Some of these men admitted to being chastened by their own first reactions to fear and hunger, and there were few who did not feel that they came out of the experience with a better sense of their own worth and of life's values in general. Nearly all spoke of entering civilian life again with a better appreciation of the page 533 ordinary things of life, especially freedom and food. Some spoke almost ecstatically of the joy of clean sheets, clothes, water from a tap, privacy, books. At the same time they knew that they could easily again do without many things which others regarded as necessities, that they could ‘rough it with anyone’; and some felt that they could have ‘no fear of the worst’, and even that they could ‘never be unhappy again’. Having tasted the misery of hunger, cold, and lack of those comfortable things which insulate civilised man from the world of nature, many felt a great understanding with the ‘poor’ and a sympathy for ‘those who suffer in the world—the homeless, hungry, naked, sick and dying’. But they realised that wealth and material possession were not the secret of happiness. ‘These things matter little, but the state of one's mind matters a lot’ was one man's summing up; and a woman internee felt that the ‘human soul transcends one's possessions—one is freer without them’. It is not the first time in history that captivity, with its attendant privations and persecutions, has led people to rethink their philosophy.

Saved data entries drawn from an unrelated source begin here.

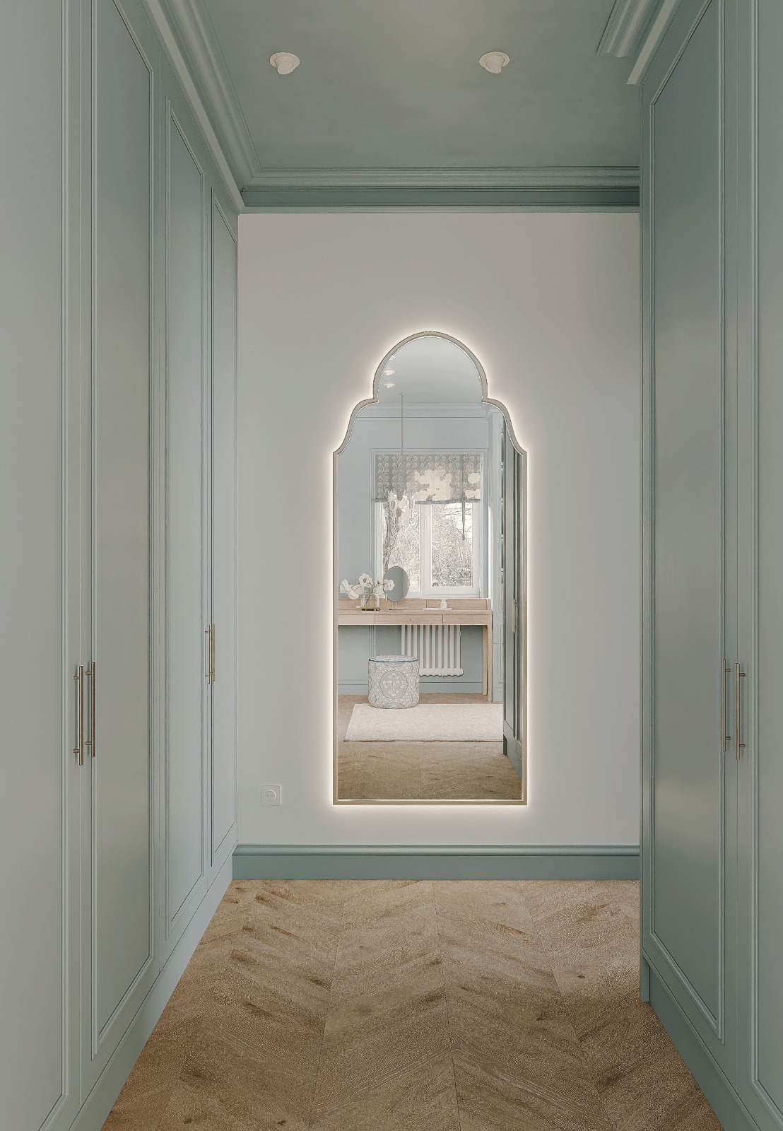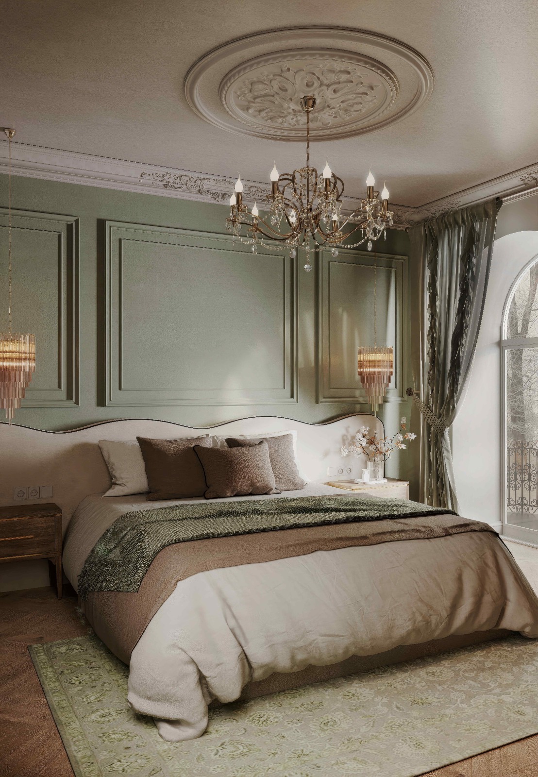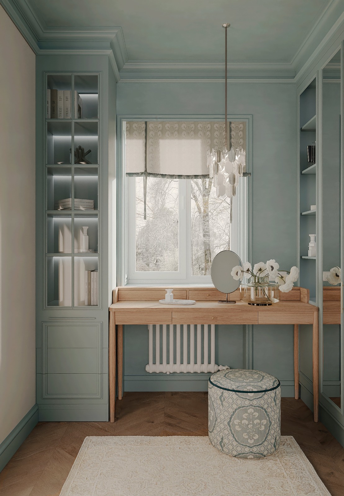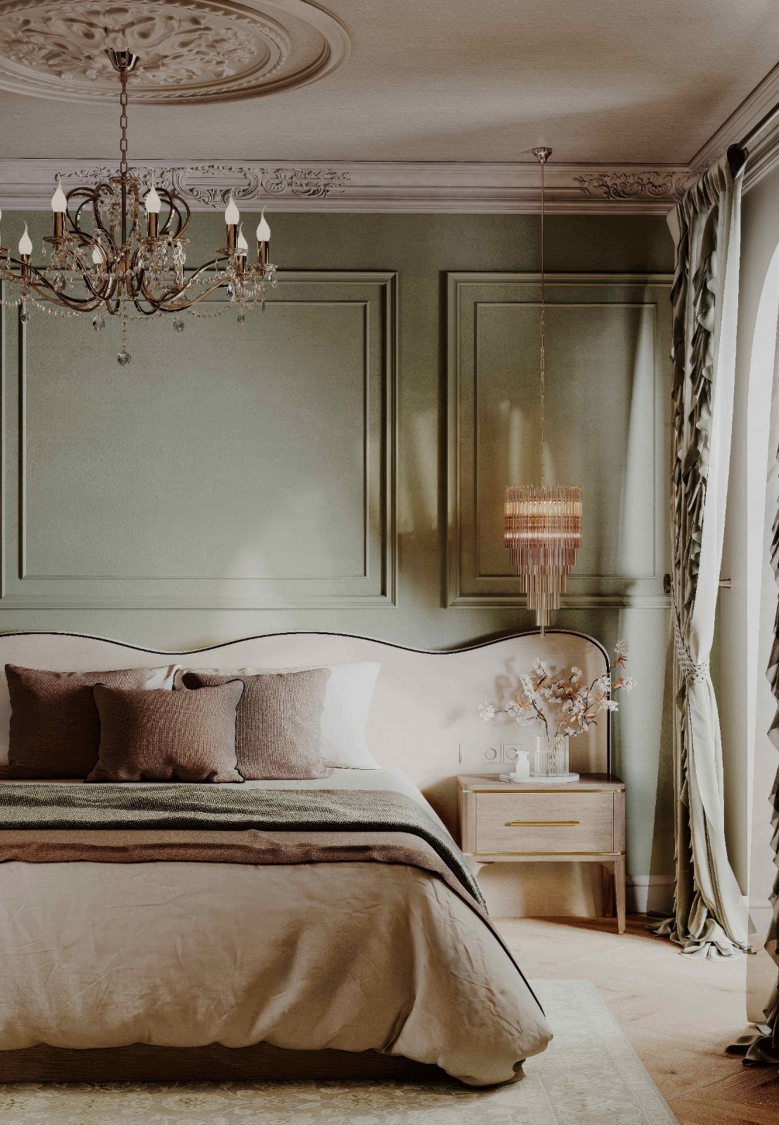 Концепция: Центральным стержнем интерьера является тщательно подобранная коллекция произведений искусства. Главная картина над диваном задает основной колорит гостиной — палитру мягких зеленых и бежевых тонов, которая филигранно поддерживается в отделке, текстиле и мебели. Вторая работа у пианино служит камерным акцентом, а люстра цвета морской стали с бирюзовыми подвесами добавляет вертикальный акцент и французскую легкость. Мозаичная плитка пола на кухне объединяет функциональные зоны, а фактурный текстиль в спальне выступает как финальный штрих, курирующий свет и цвет. Даже в гардеробной тщательно подобранное трио из цвета, шторы и светильника формирует единую эстетику.
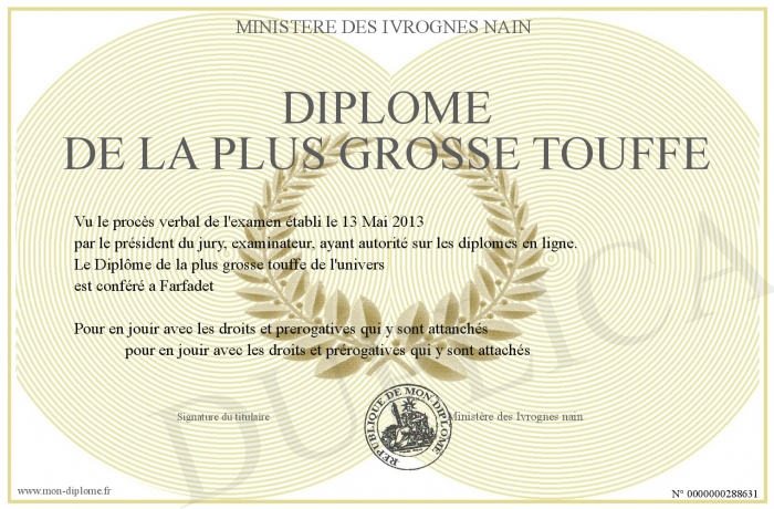 Envoyez par email votre Diplôme de la plus grosse touffe personalisé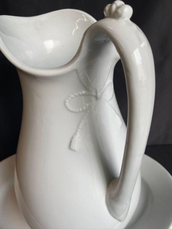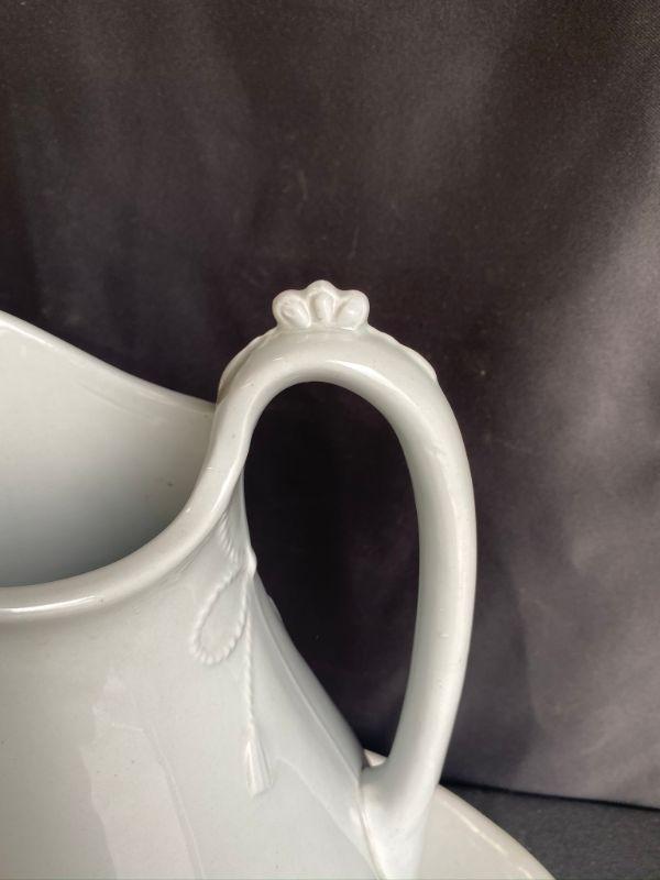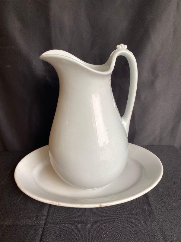 Large white pitcher with a complimentary white charger plate. Good Vintage Condition. No Chips.
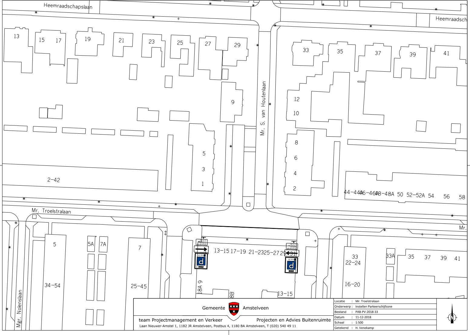 Burgemeester en wethouders van Amstelveen besluiten om de parkeerhaven aan de zuidkant van de Mr. Troelstralaan voor de panden Mr. Troelstralaan 11-31(oneven nummers) aan te wijzen als parkeerschijfzone. De parkeerplaatsen in de parkeerhaven worden voorzien van een blauwe streep. De maximale parkeerduur is 2 uur. De tijden gelden van maandag tot en met zaterdag van 09.00 uur tot 18.00 uur, op donderdag tevens van 18.00 uur tot 21.00 uur en op zondag van 12.00 tot 18.00 uur. Zij geven dit aan met borden E10 en E11 van bijlage 1 van het Reglement verkeersregels en verkeerstekens 1990 met opschrift “max 2h” en door het aanbrengen van een blauwe streep als bedoeld in artikel 25, lid 1, van dit Reglement, zoals aangegeven op tekening PAB-PV-2018-33.

These are the things which our men and women who were prisoners of war and internees feel they have learnt from their captivity. Except for professional training, they are in the main intangible, and describing them in some detail does not make it any easier to estimate their carry-over into the life of the New Zealand community. Yet, if a large number of our people of middle years, amounting to one in every two hundred of the population, have gained a knowledge of and sympathy for people of other countries; if they have probed deeper than most beneath the surface of human beings in general and have seen more of their psychological make-up; if they have learnt contentment and patience and tolerance above the average, then many may feel that, whatever the loss New Zealand suffered by their capture, she has been repaid with interest by their return. During their captivity it was New Zealand's policy to ensure by the expenditure of money and effort that these people were kept as physically healthy and as mentally alert as circumstances allowed, so that they might after repatriation again become useful citizens. There is no reason to suppose that this policy has not been amply justified. There is, on the contrary, a good deal of evidence to show that the majority of repatriates are on balance mentally the richer for their experience of captivity. And, while their influence as individuals may vary, what they have gained individually should, in the long run, enrich the New Zealand community as a whole.